Why we like hand tools/Origin story

 Hi all,

I like working with hand tools.  Something about using an old fashioned, wood handled implement makes me connect to the job I'm doing, the world and my situation better.  I learned most of these skills from my father, who recently passed, but I share my love of using these tools with a friend of mine, who sees similar utility and generally tolerates my shenanigans with axes, knives, scythes, woodsman's pals and the like.  

There's always a fast, loud, and garish way to do things.  I have those sorts of tools too - the leaf blowers, weedwhackers, chainsaws and other things that make noise and can usually get the job done faster.  But I always prefer the things that are silent or quiet, where I can work with my friends or family and do things carefully.  

Sometimes I need to do something fast, so I keep those things handy - but for when I need to use my muscles, feel accomplished and avoid a gym visit, I split wood by hand, or cut some hay with my scythe, or limb a tree with an axe.  This grounds me, exhausts me, and makes me feel like I'm making my dad proud.  When I swing my father's sledgehammer or maul, or cut hay with a scythe I've sharpened as he taught me, I am, just a little bit, connected to the wisdom he shared.  

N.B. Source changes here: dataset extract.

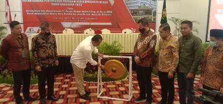 Diakhir sambutannya, Wakil Walikota Medan langsung membuka Rapat Kerja DPRD Kota Medan, dengan memukul gong dan diakhiri foto bersama.

One of my funniest moments as a fledgling chicken tender was when a bobcat was after a hen.  She flew into a tree and he was circling while I was doing dishes at my kitchen sink.  I was shirtless, as it was summer and HOT, and the only thing I could see on my way out to face this bobcat was a half-length handle sledgehammer I'd been using to put in garden stakes.  So I ran at the bobcat, screaming like a maniac, wielding the sledge and thinking I was Thor, god of chicken protectors.  The bobcat wheeled, sped off and I was happy in the knowledge that I'd saved my hen.  

But this story is much older than that.  This story begins with parents that gave me small red snowshovels, small bamboo rakes, and work gloves as gifts.  It begins with a father who showed me to use an axe, a scythe, a rake and hoe and shovel, to mold the land and tame the plants around me.  It began with a young boy, nicknamed ember, who marveled at my father (Sparky) hammering and welding metal into new shapes, repairing things that most said were trash, and splitting oak and maple logs with one swing of his maul.  I wanted to be the man in those young boy's pictures of his father - a great, strapping man who was as inimitable as he was intelligent.  

I still want to be my father, in many respects, when I grow up.  Maybe, in my mind, someday I'll live up to his legacy.  Until then, I'm going to put handles on axes, find broken tools at the dump and resurrect them, and try to find the time to do things by hand whenever I can.